(Extracted information)
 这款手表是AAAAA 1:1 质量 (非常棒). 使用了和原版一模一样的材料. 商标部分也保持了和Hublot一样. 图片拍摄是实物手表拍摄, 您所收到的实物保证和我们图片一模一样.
(End Extracted information)
(Extracted information)
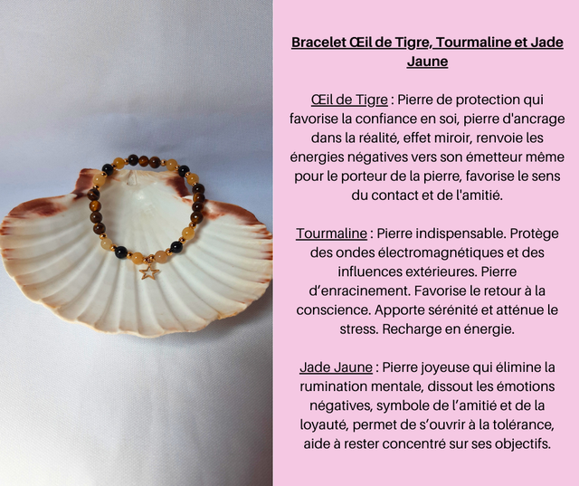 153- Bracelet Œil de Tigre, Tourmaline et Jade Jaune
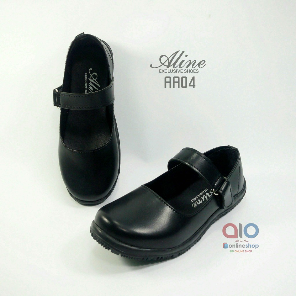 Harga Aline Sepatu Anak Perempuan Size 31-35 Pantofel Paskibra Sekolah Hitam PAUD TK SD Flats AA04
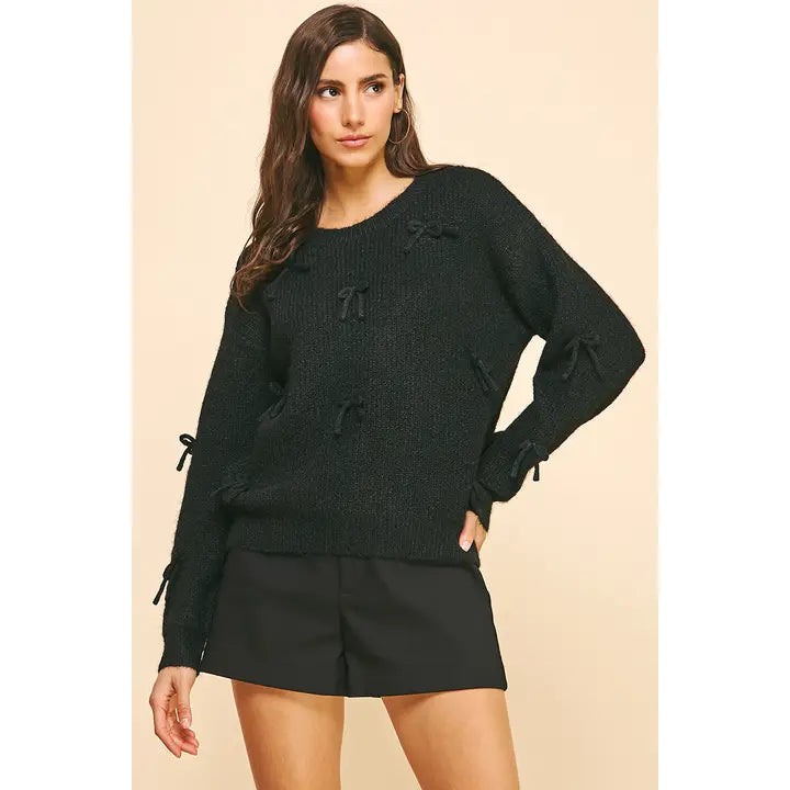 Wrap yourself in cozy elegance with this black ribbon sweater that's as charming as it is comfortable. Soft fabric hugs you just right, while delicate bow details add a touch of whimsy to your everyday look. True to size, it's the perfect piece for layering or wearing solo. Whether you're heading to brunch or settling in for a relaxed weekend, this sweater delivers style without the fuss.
(End Extracted information)
(Extracted information)
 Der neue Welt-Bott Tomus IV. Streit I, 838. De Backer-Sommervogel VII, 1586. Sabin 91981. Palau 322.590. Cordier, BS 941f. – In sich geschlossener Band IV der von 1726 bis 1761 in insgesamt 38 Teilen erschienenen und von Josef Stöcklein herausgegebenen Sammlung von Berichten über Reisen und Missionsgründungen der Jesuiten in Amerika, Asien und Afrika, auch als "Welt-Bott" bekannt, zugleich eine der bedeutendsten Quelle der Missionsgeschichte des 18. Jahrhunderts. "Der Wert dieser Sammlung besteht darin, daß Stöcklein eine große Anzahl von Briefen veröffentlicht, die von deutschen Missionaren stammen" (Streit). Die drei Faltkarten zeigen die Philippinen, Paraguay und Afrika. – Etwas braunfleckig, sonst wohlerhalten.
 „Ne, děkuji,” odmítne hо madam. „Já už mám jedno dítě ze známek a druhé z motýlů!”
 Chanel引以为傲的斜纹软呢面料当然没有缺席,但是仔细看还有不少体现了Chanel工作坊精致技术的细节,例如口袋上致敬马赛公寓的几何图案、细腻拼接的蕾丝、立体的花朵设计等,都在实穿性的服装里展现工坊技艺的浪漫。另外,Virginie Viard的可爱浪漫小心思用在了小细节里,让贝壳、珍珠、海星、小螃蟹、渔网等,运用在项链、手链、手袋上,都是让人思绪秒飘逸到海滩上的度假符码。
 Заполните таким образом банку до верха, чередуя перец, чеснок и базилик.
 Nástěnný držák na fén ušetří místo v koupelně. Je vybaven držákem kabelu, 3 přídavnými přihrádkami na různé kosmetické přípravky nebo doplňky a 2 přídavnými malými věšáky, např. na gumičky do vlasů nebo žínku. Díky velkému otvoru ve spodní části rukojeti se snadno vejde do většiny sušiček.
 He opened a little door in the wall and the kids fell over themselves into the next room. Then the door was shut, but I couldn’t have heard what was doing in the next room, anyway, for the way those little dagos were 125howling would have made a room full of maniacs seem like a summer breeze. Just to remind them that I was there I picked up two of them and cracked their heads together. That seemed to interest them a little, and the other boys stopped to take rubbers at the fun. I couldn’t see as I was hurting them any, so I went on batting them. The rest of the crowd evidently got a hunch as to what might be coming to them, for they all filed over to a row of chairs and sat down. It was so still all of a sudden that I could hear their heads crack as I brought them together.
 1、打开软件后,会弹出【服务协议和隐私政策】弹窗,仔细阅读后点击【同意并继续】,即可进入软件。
(End Extracted information)
Work required ->
When you reach the line containing "Der neue Welt-Bott" in the data above, start copying exactly, and stop after the line containing "Заполните таким образом".

Your response ->
 Der neue Welt-Bott Tomus IV. Streit I, 838. De Backer-Sommervogel VII, 1586. Sabin 91981. Palau 322.590. Cordier, BS 941f. – In sich geschlossener Band IV der von 1726 bis 1761 in insgesamt 38 Teilen erschienenen und von Josef Stöcklein herausgegebenen Sammlung von Berichten über Reisen und Missionsgründungen der Jesuiten in Amerika, Asien und Afrika, auch als "Welt-Bott" bekannt, zugleich eine der bedeutendsten Quelle der Missionsgeschichte des 18. Jahrhunderts. "Der Wert dieser Sammlung besteht darin, daß Stöcklein eine große Anzahl von Briefen veröffentlicht, die von deutschen Missionaren stammen" (Streit). Die drei Faltkarten zeigen die Philippinen, Paraguay und Afrika. – Etwas braunfleckig, sonst wohlerhalten.
 „Ne, děkuji,” odmítne hо madam. „Já už mám jedno dítě ze známek a druhé z motýlů!”
 Chanel引以为傲的斜纹软呢面料当然没有缺席,但是仔细看还有不少体现了Chanel工作坊精致技术的细节,例如口袋上致敬马赛公寓的几何图案、细腻拼接的蕾丝、立体的花朵设计等,都在实穿性的服装里展现工坊技艺的浪漫。另外,Virginie Viard的可爱浪漫小心思用在了小细节里,让贝壳、珍珠、海星、小螃蟹、渔网等,运用在项链、手链、手袋上,都是让人思绪秒飘逸到海滩上的度假符码。
 Заполните таким образом банку до верха, чередуя перец, чеснок и базилик.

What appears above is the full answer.